In 1897, Ransom E. Olds, a native of Geneva, Ohio, began manufacturing the Oldsmobile, America's first commercially successful automobile. The 3-horsepower vehicle had a sporty curved dashboard and was the first car manufactured with an assembly line system that foreshadowed modern mass-production methods. Oldsmobile is the oldest continuing car make manufactured in the United States. The Oldsmobile was not America’s first domestically produced car. That honor goes to a vehicle built in 1893 by Charles and Frank Duryea. They were two bicycle makers from Springfield, Massachusetts who were inspired to build a car after seeing a gasoline engine in 1886 at the Ohio State Fair. The Duryea brothers were the first in the United States to build cars for sale. By 1896, they had sold 13 vehicles.

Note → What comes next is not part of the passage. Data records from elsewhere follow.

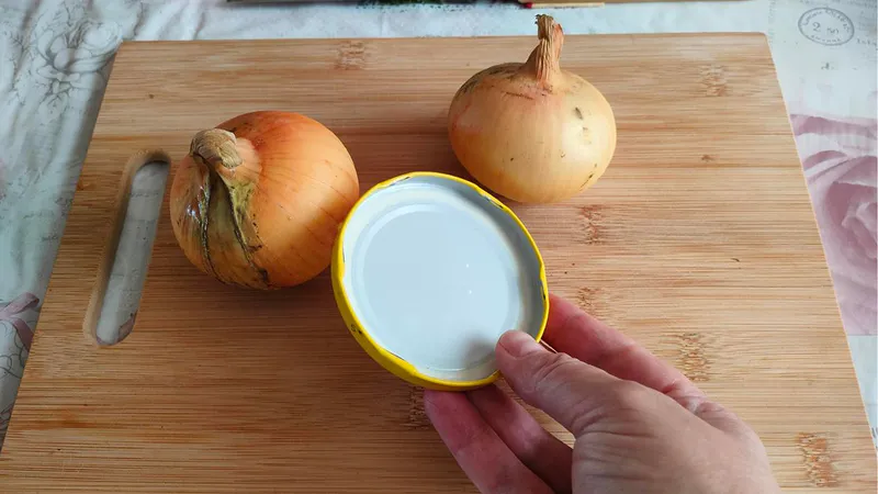 - Сначала очистите луковицу от шелухи и разместите на крышке от банки. Это поможет удержать лук в одном месте, предотвращая его скатывание;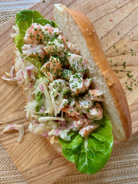 I’ve been seeing lobster rolls from Maine all over my discover page on Instagram. I’ve had a huge craving for them but lobster is expensive and hasn’t been on sale in my area. I also live in Ontario and very far from the ocean. To satisfy my craving, I decided to make the next best thing, a shrimp roll on a brioche bun. This shrimp roll has all of the same elements in a cold style lobster roll. Creamy mayonnaise and zesty lemon all on a buttered, toasted brioche roll. The brioche roll is absolutey key for this! If you can’t find them you can also use hot dog buns which I have done many times in the past. All you need to do is butter the outside of the buns and fry them in a pan until golden.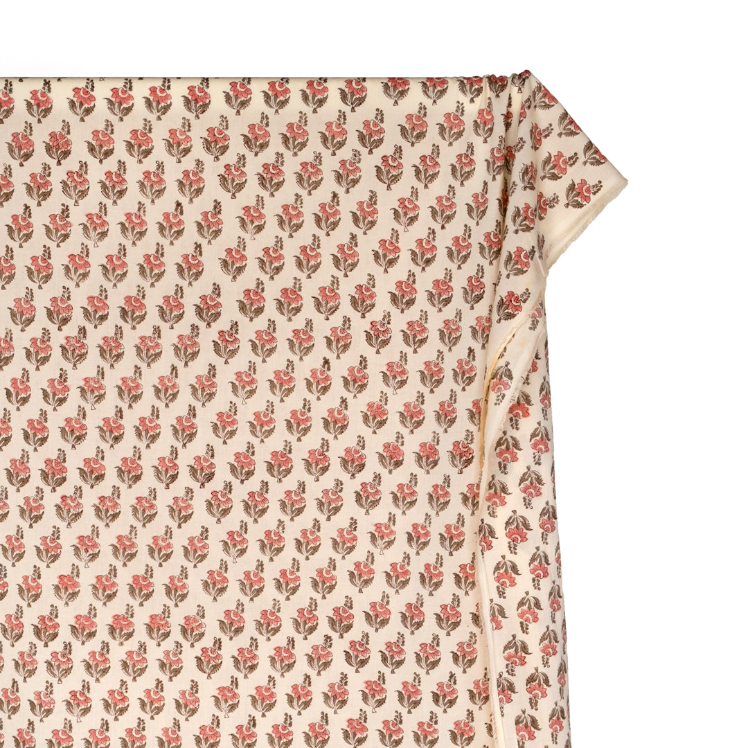 Ultra-lightweight with a crisp hand, this block printed organic cotton batiste is comfortable to wear and a dream to sew. Ideal for quilted makes, voluminous tops & dresses, and classic button-ups, this cotton batiste is super versatile and easy to work with. The stunning floral motif was printed by hand in Sanganer, Jaipur, India using traditional block printing techniques and azo-free dyes that prevent harmful runoff in the production process. They will fade beautifully into a soft vintage look with wash and wear.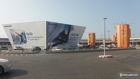 Már korábban pletykálták, hogy a konszern az idei berlini IFA kiállításra is elhoz egy 8K felbontású, azaz 7680x4320 képpont megjelenítésre képes készüléket. Nos, egészen biztos, hogy ez tényleg így lesz, hiszen az esemény csak holnap nyitja meg a kapuit, de a berlini Tegel reptéren már egy gigantikus óriásplakát fogadja a népet, amelyen az új modellt hirdetik. Erről egy fotót is készítettünk és gyakorlatilag biztos, hogy augusztus 30-án pontos részleteket is megtudhatunk erről a QLED televízióról, hiszen a Samsung aznap tartja hivatalos sajtótájékoztatóját, amire mi is meghívást kaptunk.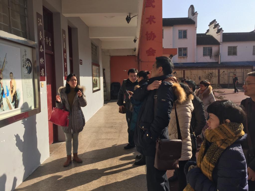 中文系老师们兴致勃勃地实地观看非遗项目的展示,海华武术馆的馆长韩海华结合历史典故向我们讲述了国家级非物质文化遗产——掼牛的起源及未来的发展,还与我们进行亲切的座谈和深入的交流。嘉兴非物质文化遗产丰富的历史积淀和文化渊源给我们留下了深刻印象。在南湖区解放街道宣传委员朱彦的引领下,我们还走进嘉兴市解放街道管委会,双方领导就如何围绕运河文化,开展文化建设畅谈各自想法,还就传承禾城非遗,助力薪火相传达成合作共识。双方期待在2017年互学互助,实现共赢发展。学院中文系老师们还参观了解放街道国学社区建设,沿着运河走访了周边的历史遗迹。

Olds incorporated The Olds Motor Co. in 1897 in Lansing, Michigan, and it turned out 4 vehicles that first year. The "Curved-Dash Oldsmobile" had a single-cylinder engine, chain drive, and used tiller-type steering rather than a steering wheel. It sold for $650. By 1978, Oldsmobile, a part of the General Motors Corp., had produced 20 million vehicles.
Early Oldsmobiles set a number of automotive records. In 1903, the Olds "Pirate" model traveled 5 miles in 6.5 minutes, a new world record. In 1905, two Oldsmobiles complete the first transcontinental race from New York City to Portland, Oregon in 44 days. In 1922, an Oldsmobile set another record by traveling 1,000 miles in 15 hours.